3 and 12 to the shaft 6a, and the pinion 5a
Rotate. Thus, the shaft 6a is connected to the shaft 6b via the universal joint 8 and the connecting shaft 9, and the shaft 6b is connected to the shaft 6c via the universal joint 10 and the connecting shaft 11.
Pinions 5b and 5c also rotate at the same time as pinion 5a. When the pinions 5a, 5b, 5c rotate in this way, the racks 2a, 2b, 2c mesh with them.
slides in the radial direction along the guides 3a, 3b, 3c, causing the claws 4a, 4b, 4c to expand and contract.

Therefore, as shown in FIGS. 4 and 5, this device is placed in the circular hole 22 of the base material 21, and the handle 17 is
As described above, racks 2a, 2b,
The claws 4a, 4b, 4c are brought into contact with the edge of the circular hole 22 by sliding the claws 2c so as to protrude in the radial direction (see FIG. 2). After that, the doubler 23 is placed around the circular hole 22, and the center block 1 is further placed.
The rotation center shaft 25 of the doubler automatic welding machine 24 is fitted into the center hole 18 of 9. In addition, 26 is welding machine 2
4 is a torch, 27 is a rotary drive device, and 28 is a wire feeding device. By setting the torch 26 along the circumference of the doubler 23 and rotating the welding machine 24 about the rotating shaft 25, the doubler 23 is fillet welded to the base metal 21.

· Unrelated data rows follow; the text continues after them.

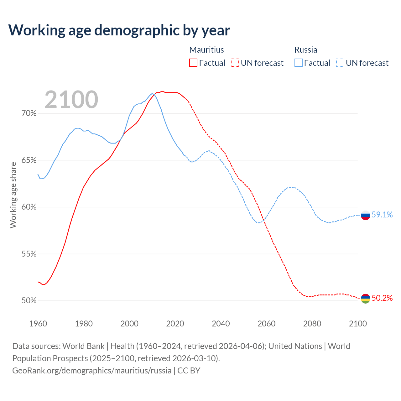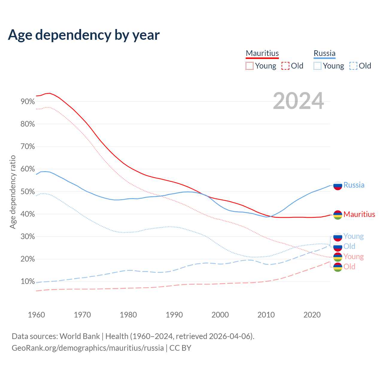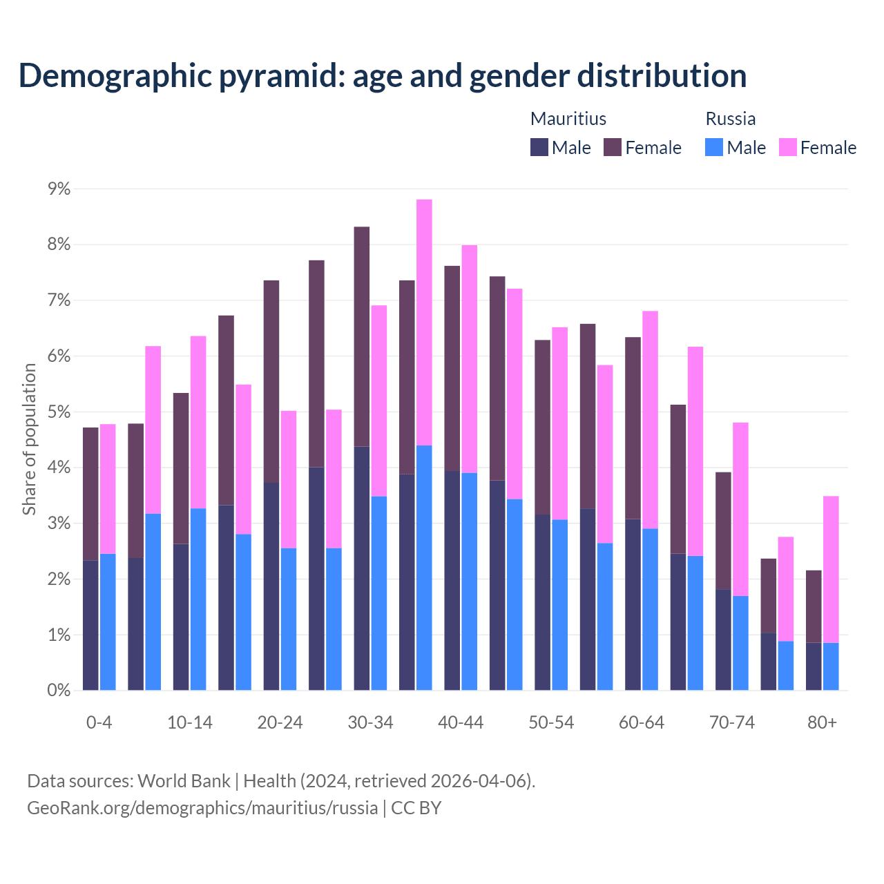 - Mauritius is ranked 57/196 by median age (oldest to youngest) vs 42/196 for Russia.
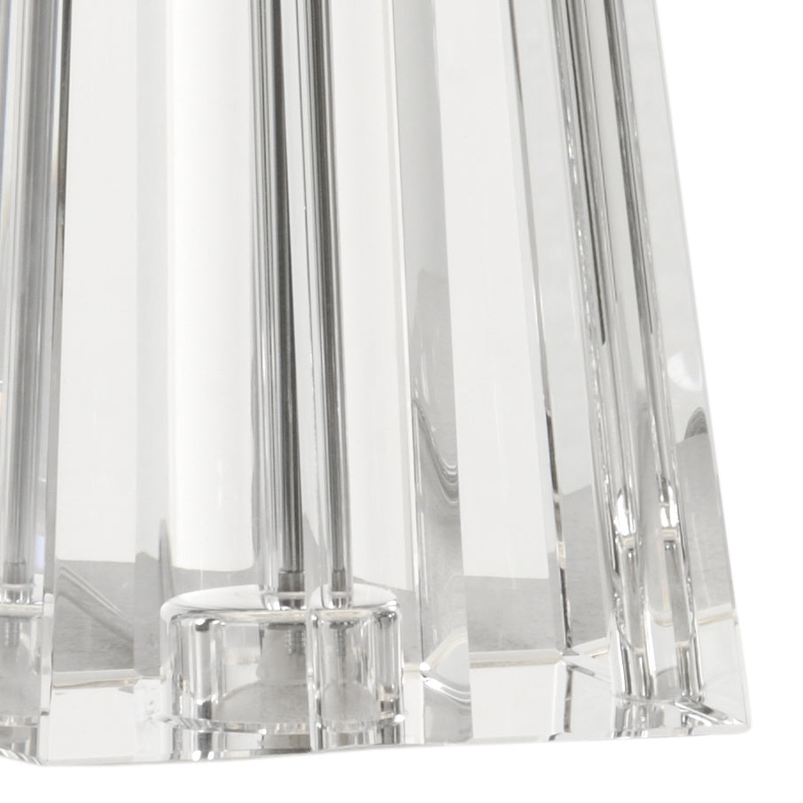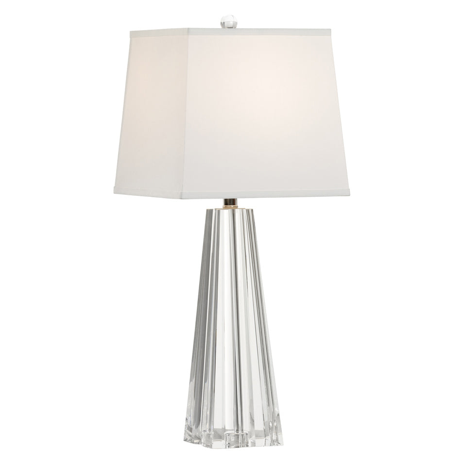 This Wildwood table lamp combines everyday function with high style. Elegant and elevated, this lighting fixture delights atop a nightstand or end table. The Wildwood Irina table lamp features delicately cut crystal with a scooped notch in the center of each side, neck in Polished Nickel.
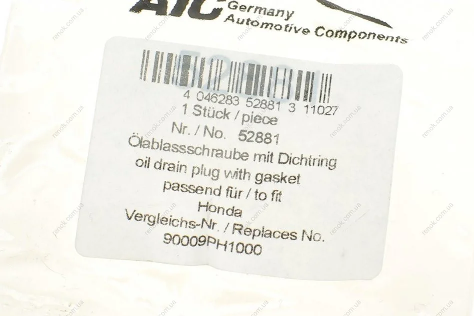 Болт слива масла + шайба Hyundai Accent/Kia Rio/Mitsubishi Lancer/Suzuki Grand Vitara 90- (M14x1.5) AIC 52881 (0009907417, 031137, 31137)
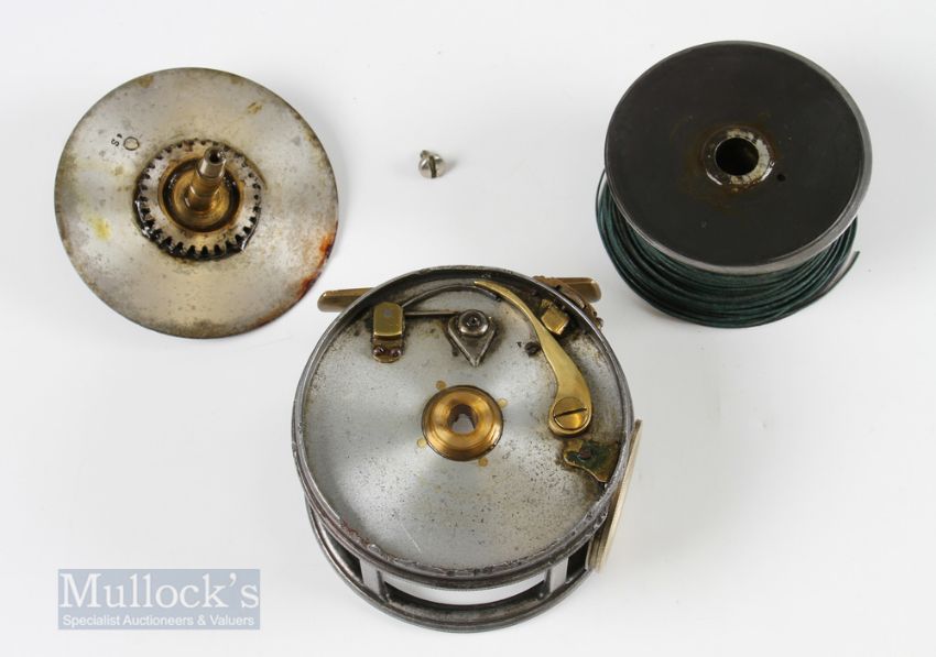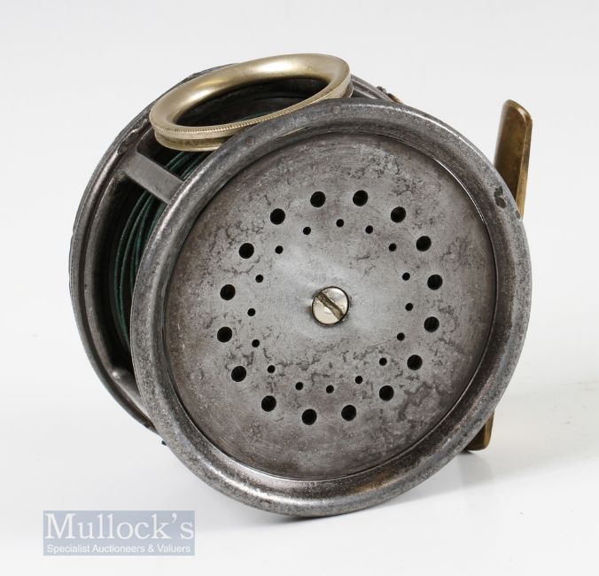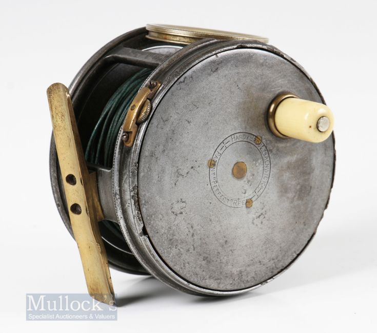 Scarce Hardy Perfect 4 ¼” Wide Drum 1912 Check Eunuch Salmon Fly Reel with rotating line guide with factory white handle, brass foot having a slight kink to one end, frame having some corrosion and losses to rim, but doesn’t affect the working of the reel, rotating line guide moves freely.
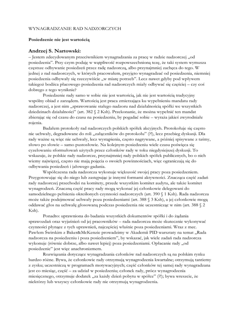 WYNAGRADZANIE RAD NADZORCZYCH Posiedzenie nie jest wartością Andrzej S. Nartowski: – Jestem zdecydowanym przeciwnikiem wynagradzania za pracę w radzie nadzorczej „od posiedzenia”. Przy czym podaję w wątpliwość rozpowszechnioną tezę, Ŝe taki system wymusza częstsze odbywanie posiedzeń przez radę nadzorczą, albo przynajmniej zachęca do tego. W jednej z rad nadzorczych, w których pracowałem, przyjęto wynagradzać od posiedzenia, niemniej posiedzenia odbywały się rzeczywiście „w miarę potrzeb”. Lecz nawet gdyby pod wpływem takiegoŜ bodźca płacowego posiedzenia rad nadzorczych miały odbywać się częściej – czy coś dobrego z tego wyniknie? Posiedzenie rady samo w sobie nie jest wartością, jak nie jest wartością tradycyjny wspólny obiad z zarządem. Wartością jest praca zmierzająca ku wypełnieniu mandatu rady nadzorczej, a jest nim „sprawowanie stałego nadzoru nad działalnością spółki we wszystkich dziedzinach działalności” (art. 382 § 2 Ksh). Przekonanie, Ŝe moŜna wypełnić ten mandat zbierając się od czasu do czasu na posiedzeniu, by pogadać sobie – wyraŜa jakieś zwyrodniałe rojenia. Badałem protokoły rad nadzorczych polskich spółek akcyjnych. Protokołuje się często nie uchwały, degradowane do roli „załączników do protokołu” (?!), lecz przebieg dyskusji. Dla rady waŜne są więc nie uchwały, lecz wystąpienia, często nagrywane, a później spisywane z taśmy, słowo po słowie – samo pustosłowie. Na kolejnym posiedzeniu wiele czasu poświęca się cyzelowaniu sformułowań uŜytych przez członków rady w toku niegdysiejszej dyskusji. To wskazuje, Ŝe polskie rady nadzorcze, przynajmniej rady polskich spółek publicznych, bo o nich wiemy najwięcej, często nie mają pojęcia o swoich powinnościach, więc ograniczają się do odbywania posiedzeń i jałowego gadania. Współczesna rada nadzorcza wykonuje większość swojej pracy poza posiedzeniem. Przygotowując się do niego lub zastępując je innymi formami aktywności. Znacząca część zadań rady nadzorczej przechodzi na komitety, przede wszystkim komitet audytu, ale takŜe komitet wynagrodzeń. Znaczną część pracy rady mogą wykonać jej członkowie delegowani do samodzielnego pełnienia określonych czynności nadzorczych (art. 390 § 1 Ksh). Rada nadzorcza moŜe takŜe podejmować uchwały poza posiedzeniami (art. 388 § 3 Ksh), a jej członkowie mogą oddawać głos na uchwałę głosowaną podczas posiedzenia nie uczestnicząc w nim (art. 388 § 2 Ksh). Ponadto: uprawniona do badania wszystkich dokumentów spółki i do Ŝądania sprawozdań oraz wyjaśnień od jej pracowników – rada nadzorcza moŜe skutecznie wykonywać czynności płynące z tych uprawnień, najczęściej właśnie poza posiedzeniami. Wraz z mec. Pawłem Świrskim z Baker&McKenzie prowadzimy w Akademii PID warsztaty na temat „Rada nadzorcza na posiedzeniu i poza posiedzeniem”, by wskazać, jak wiele zadań rada nadzorcza wykonuje (równie dobrze, albo nawet lepiej) poza posiedzeniami. Opłacanie rady „od posiedzenie” jest więc anachronizmem. Rozwiązania dotyczące wynagradzania członków rad nadzorczych są na polskim rynku bardzo róŜne. Bywa, Ŝe członkowie rady otrzymują wynagrodzenia kwartalne; otrzymują tantiemy z zysku; uczestniczą w programach motywacyjnych; część członków tej samej rady wynagradzana jest co miesiąc, część – za udział w posiedzeniu; członek rady, prócz wynagrodzenia miesięcznego, otrzymuje dodatek „za kaŜdy dzień pobytu w spółce” (?!); bywa wreszcie, Ŝe niektórzy lub wszyscy członkowie rady nie otrzymują wynagrodzenia. Z selektywnym pozbawianiem członków rady nadzorczej wynagrodzenia spotykamy się najczęściej w odniesieniu do członków rady reprezentujących inwestora strategicznego. Nie budzi to emocji. Zdarza się, Ŝe nieodpłatnie pełnią funkcje w radzie wszyscy jej członkowie pozbawieni przymiotu niezaleŜności. Niekiedy członkowie rady pozbawiani są wynagrodzenia za czynności podejmowane w trybie pisemnym lub przy wykorzystaniu środków bezpośredniego porozumiewania się na odległość, natomiast otrzymują wynagrodzenie za udział w posiedzeniu „naziemnym”. Wszyscy członkowie rady pozbawiani są wynagrodzenia w spółkach szczególnie ubogich. Czy są oni świadomi, Ŝe brak wynagrodzenia z tytułu członkostwa w radzie nie zwalnia ich od odpowiedzialności? Na polskim rynku nie utarła się jeszcze jednolita praktyka wynagradzania za udział w komitetach rady nadzorczej. Trwają prace nad dobrymi praktykami komitetów audytu w Polsce (patrz dział Dokumenty w bieŜącym numerze); dokument ten powinien upomnieć się pełnym głosem o rzetelne wynagradzania członków komitetu audytu, w tym przewodniczącego komitetu, od którego oczekuje się i kwalifikacji, i niezaleŜności. Udział w pracy innych komitetów takŜe mógłby być odrębnie wynagradzany, z tym wszakŜe zastrzeŜeniem, iŜ praca w komitecie audytu – jeŜeli nawet nie jest on uznawany za najwaŜniejszy komitet w radzie nadzorczej bądź nawet za jej esencję (słyszy się takie głosy) – z pewnością jest najbardziej czasochłonna. W rzeczy samej, w wielu radach komitet audytu samoistnie wysuwa się na plan pierwszy, spychając w cień „prezydium” rady, „komisję prezydialną” lub inne mutanty. Systemy wynagradzania rad nadzorczych to na polskim rynku bogactwo róŜnorodności. Nie warto walczyć o ujednolicenie zasad wynagradzania, na wzór ujednolicenia systemów wynagradzania członków zarządów i rad nadzorczych spółek poddanych osławionej „ustawie kominowej”. Tolerancja, nawet uznanie dla róŜnorodności, nie dotyczy wszakŜe kwestii obejmowania członków rad nadzorczych programami motywacyjnymi. Tu zajmuję stanowisko jednoznacznie przeciwne. Nie naleŜy korumpować rady nadzorczej pokusą zamykania oczu na usiłowania zarządu „picowania” wyniku finansowego, bąd
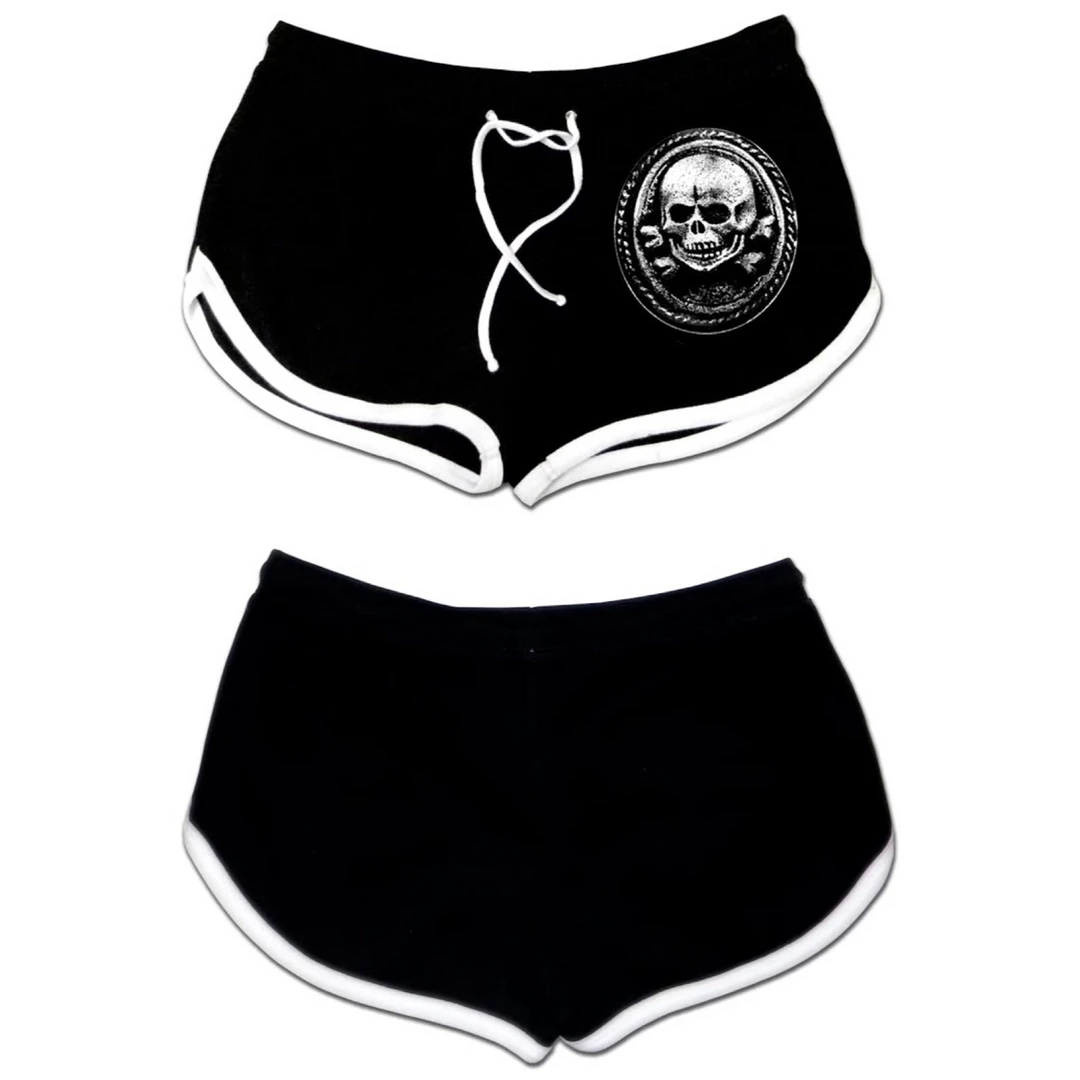 Death or glory! With that retro gym short styling we love, these soft knit black shorts from Pinky Star feature a skull and crossbones graphic on one leg, drawstring waist, and a flattering dolphin hem fit complete with contrast trim.
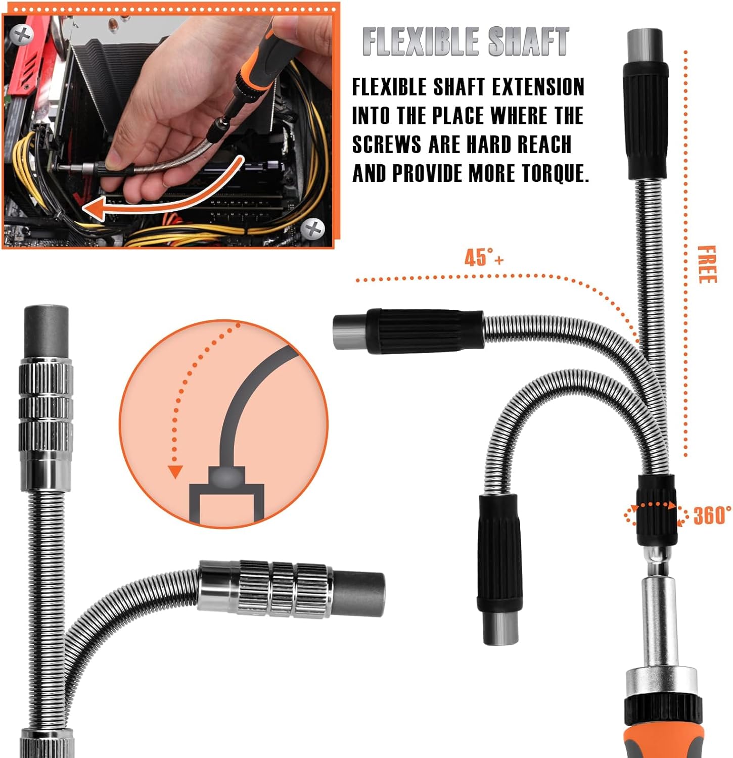 【Flexibility in use】:The torx screwdriver handle rotates 180°,equipped with a flexible extension and spring lever to help you work in hard-to-reach places.
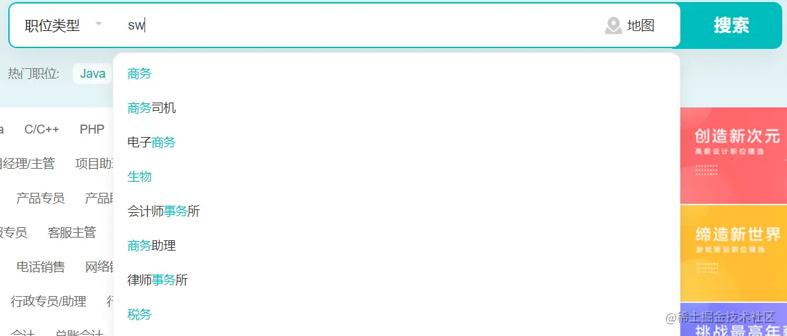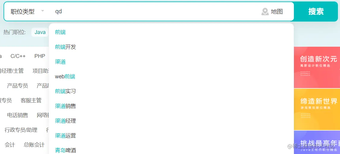 搜索提示是搜索框一个比较基础的功能,他赋予了搜索框生命,提高了用户的搜索体验。本文通过仿写 boss 直聘首页职位公司搜索,来实现一个自己搜索提示功能。
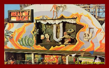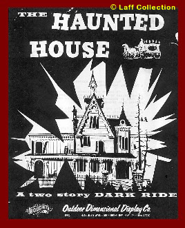 A very rare look at Tracey's version of his Haunted House, this time when his company was called: "Outdoor Dimensional Display Company". This name would have been pre-Messmore & Damon. This ride was in fact created and built at West View Park, defunct, near Pittsburgh, PA. |

It should be noted that the present invention is not limited to the above embodiments, but can also be applied to, for example, installation, welding, and centering work of hollow circular objects such as pipes and manholes.

[Effect of idea]

As explained above, according to the hollow circular object centering device of the present invention, () Since the three claws are interlocked,
Centering, setting, and holding of hollow circular objects can be performed in a short time without using measuring instruments.

() Easy to operate as it has a single handle.

() Since the structure is simple, it is lightweight and has good workability.

() Can be applied to a wide range of sizes by changing the length of the nails.

() Can be widely applied to centering and welding of all hollow circular objects. It can produce excellent effects such as

[Brief explanation of the drawing]

Fig. 1 is an explanatory diagram of the device of the present invention, and Fig. 2 is an explanatory diagram of the device of the present invention.
Fig. 3 is a view taken from the - arrow in Fig. 1, Fig. 4 is a schematic cross-sectional side view of a doubler being automatically welded using the device of the present invention, and Fig. 5
The figure is a partial plan view of FIG. 4. 1 is a disk, 2a, 2b, 2c are racks, 4
a, 4b, 4c are pawls, 5a, 5b, 5c are pinions, 6a, 6b, 6c are shafts, 7a, 7b, 7c are bearings, 8, 10 are universal joints, 1
2 and 13 are bevel gears, 14 is an operating shaft, 17 is a handle, 18 is a center hole, and 19 is a center block.

Claims (1)

[Scope of utility model registration request] Racks are provided at three equal positions in the circumferential direction on one side of the disk so as to be slidable in the radial direction, and a pawl is attached to the outer end of each rack in the radial direction, and a pinion is engaged with each of the racks. A first bevel gear is attached to the end of one of the pinion shafts located in the non-connected part, and a second bevel gear meshes with the first bevel gear. an operating shaft for operating the second bevel gear rotatably protrudes through the other surface of the disk, a handle is provided at the protruding end of the operating shaft, and a center hole is provided at the center of the other surface of the disk. A centering device for hollow circular objects characterized by a fixed block.